Мать не воспитывала - испытывала: силу сопротивления, подается ли грудная клетка? Нет, не подалась, а так раздалась, что потом - теперь - уже ничем не накормишь, не наполнишь. Мать поила нас из вскрытой жилы Лирики…»

Разумеется, и Марина (Муся), и Анастасия (Ася) могли бы найти отдых от колдовского и требовательного влияния матери, встречаясь с ровесниками. Но родители настолько держали девочек в своей власти (так и хочется сказать «под башмаком»), что они очень долго и не видели никого, кроме членов семейного клана. Обычные детские игры им подменяли волны слов и гармоний, которые изливала на них мать с утра и до вечера. Перекормленные заповедями и музыкой, они - будучи еще совсем детьми, с ребяческим устройством мозга - вели существование взрослых людей. С первых лет жизни Марина получала неизъяснимое наслаждение, жонглируя русскими, французскими, немецкими словами, и ей было неинтересно все, любая деятельность, кроме чтения, заучивания наизусть стихов и - погружения в грезы. Она мечтала…

На самом деле, считая, что отдаляется от музыки, чтобы целиком отдаться поэзии, Марина не понимала, что музыка и поэзия с самого начала творили волшебство в ее голове, и то, что она любила в поэзии, было - музыкой, просто без помощи какого бы то ни было инструмента. Она не понимала тогда, что слова - те же ноты, а фразы - аккорды и что писать стихи и творить мелодию - одинаково опьяняющее занятие.

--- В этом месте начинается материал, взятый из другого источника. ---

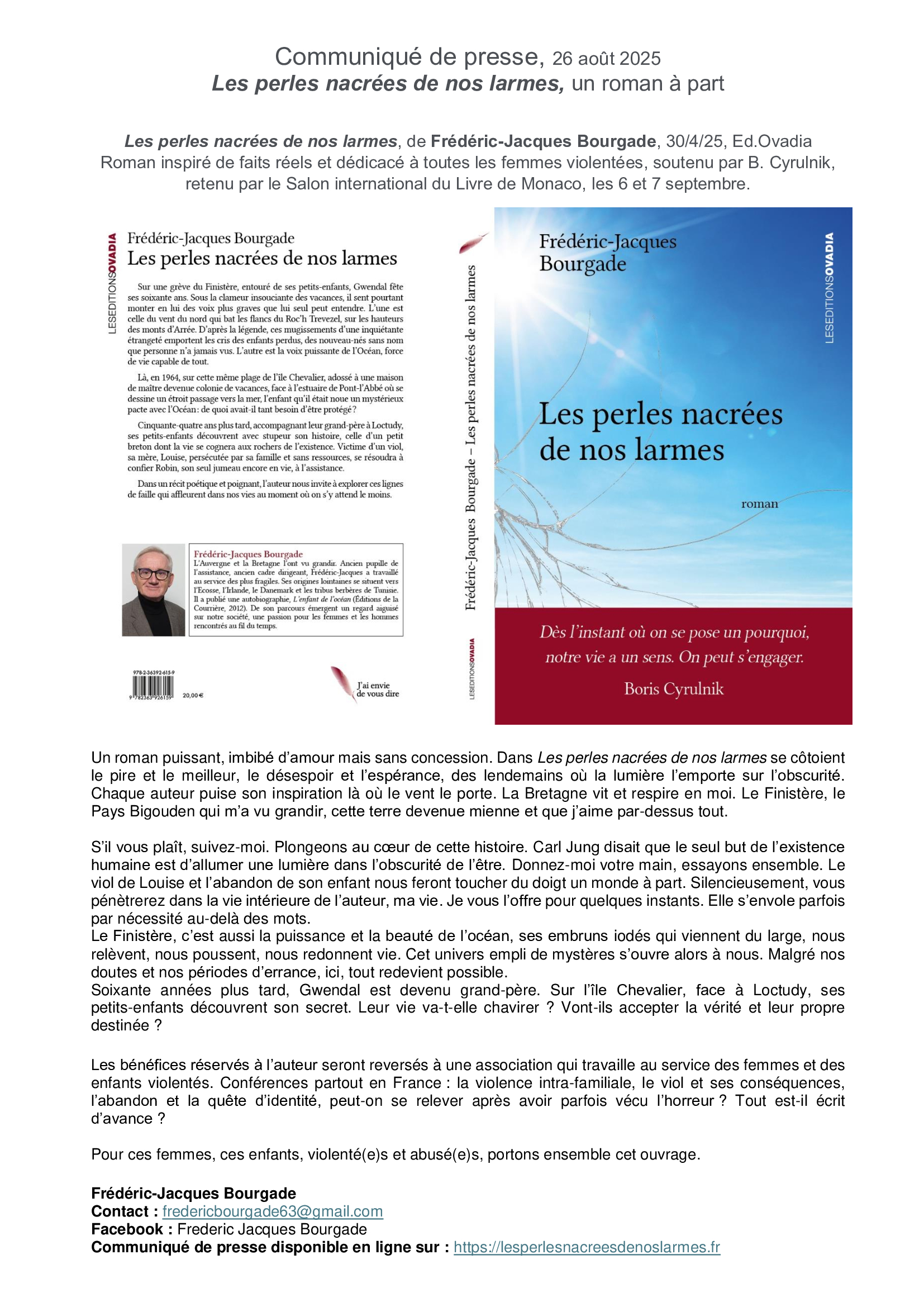 Dans une biographie romancée « L’enfant de l’océan », parue en 2012 et présenté à Loctudy, où il jette régulièrement l’ancre, l’auteur abordait déjà avec pudeur cette enfance marquée par les violences. Il a vu le jour à la suite d’un viol avant d’être abandonné puis adopté et de connaître des violences intrafamiliales. Dans ce premier roman « Les perles nacrées de nos larmes », sorti le 30 avril aux éditions Ovadia, Frédéric Adolph devenu Frédéric-Jacques Bourgade, après avoir pris le nom de jeune de fille de sa mère adoptive, revient sur ce parcours.

Пройдет немало лет, и поэт Константин Бальмонт откроет Марине эту простую истину, иронически упрекая ее в чрезмерной важности фонетических элементов в ее последних творениях. «Ты требуешь от поэзии того, что может дать одна лишь музыка», - скажет он ей.

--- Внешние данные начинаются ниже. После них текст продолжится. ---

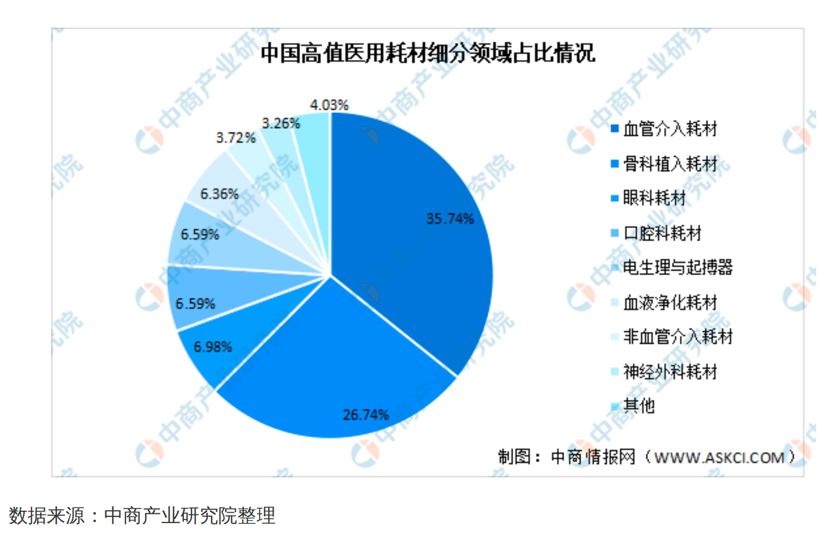 據(jù)中商產(chǎn)業(yè)研究院統(tǒng)計,高值醫(yī)用耗材細(xì)分市場中,2019年血管介入耗材規(guī)模為461億元,占比35.74%,是占比最高的細(xì)分市場。

Между тем Марину охватила еще одна страсть, настоящая страсть - она со свойственным ей пылом души влюбилась в свою единокровную сестру Валерию, которая была старше на десять лет и которую в доме звали Лёрой. Для девочки она была едва ли не дороже матери - во всяком случае, любовь к сестре могла бы поспорить в ее сердце с той, что внушала ребенку мать. Вероятно, по совету Валерии или под влиянием этой юной наставницы Марина увлеклась стихотворениями Пушкина. Стала учить их наизусть и, запинаясь, лепетала вслух - наедине с самой собой, будто молитву. Потом принялась расспрашивать близких: а каким он был, этот чародей, этот волшебник, узнавать подробности биографии поэта, которого убил на дуэли француз. Убил зимним заснеженным утром, убил из-за женщины, жены, а мелодичная, исполненная неземной гармонии песнь павшего от предательской пули героя продолжала околдовывать толпы людей…

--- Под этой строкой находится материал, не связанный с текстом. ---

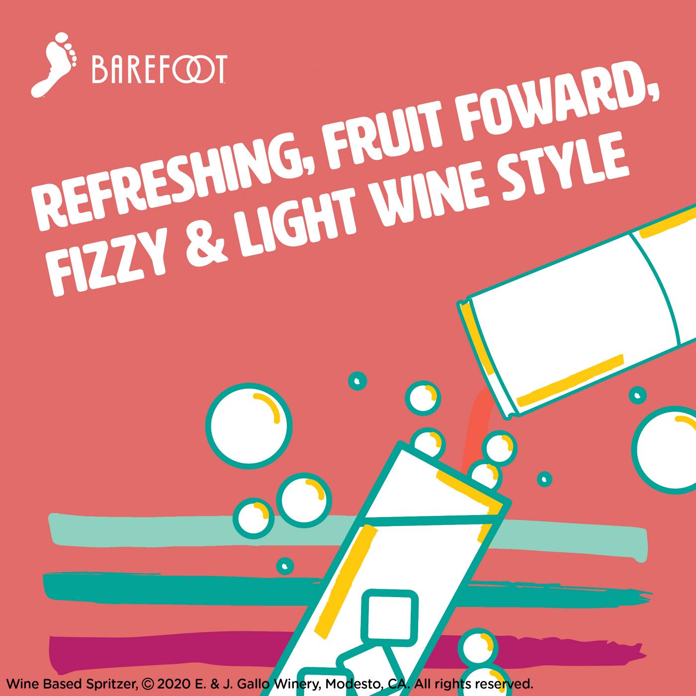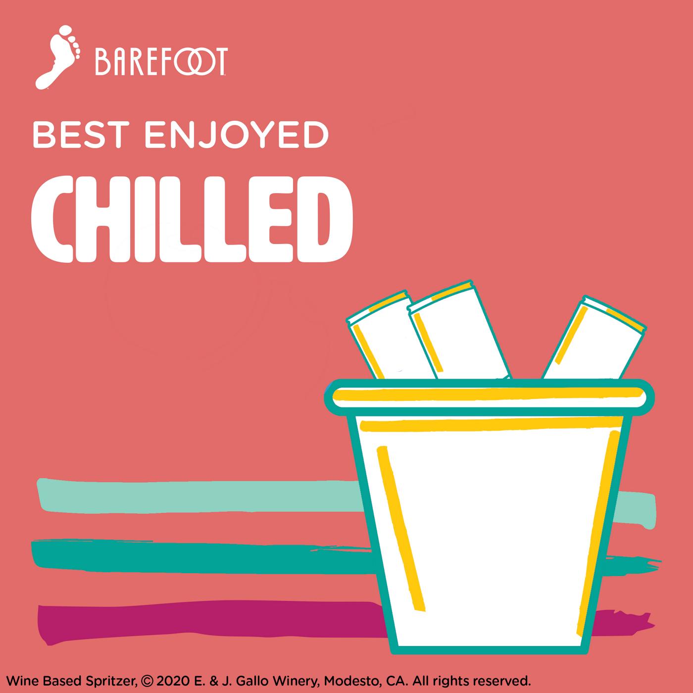 Barefoot Rosé Pink Wine Spritzer delivers a refreshing medley of juicy peaches and zesty mandarin oranges all in the convenience of a can. A blend of Grenache and Moscato, this slightly sweet blush wine-based spritzer bursts with fruity notes of sweet raspberries and red cherries. Ideal for outdoors, each pack contains four perfectly portable single serve cans. This light bodied canned wine spritzer with a lower alcohol content is perfect for serving at a pool party, summer picnic or backyard barbecue. Enjoy this semi sweet wine in a can chilled or over ice. This Rose wine spritzer comes from Barefoot, the most awarded wine brand in US competitions. Let's get Barefoot.

В то время как Мария Мейн, со своей стороны, подталкивала детей к чтению классической литературы, находившейся дома у Цветаевых, как говорят сейчас, «в открытом доступе», Лёра, со своей, раскрыла младшей сестренке тайны собственного книжного шкафа. Именно из ее рук получила Марина «запрещенную» книгу (запрет был наложен матерью из-за увиденной в ней карикатурности, из опаски, что ниспровергающая все, чуть ли не разрушительная литература пагубным образом подействует на неокрепшую детскую душу) - «Мертвые души» Гоголя. Странное название немедленно пробудило воображение Марины, которая решила, что перед ней - история о покойниках и духах, являющихся после смерти. Однако, писала Цветаева впоследствии, до «…мертвецов и душ - так никогда и не дочиталась, ибо в последнюю секунду, когда вот-вот должны были появиться - и мертвецы и души, - как нарочно слышался шаг матери (кстати, она так никогда и не вошла, а всегда только, в нужную минуту - как по заводу - проходила) - и я, обмирая от совсем уже другого, живого страха, пихала огромную книгу под кровать».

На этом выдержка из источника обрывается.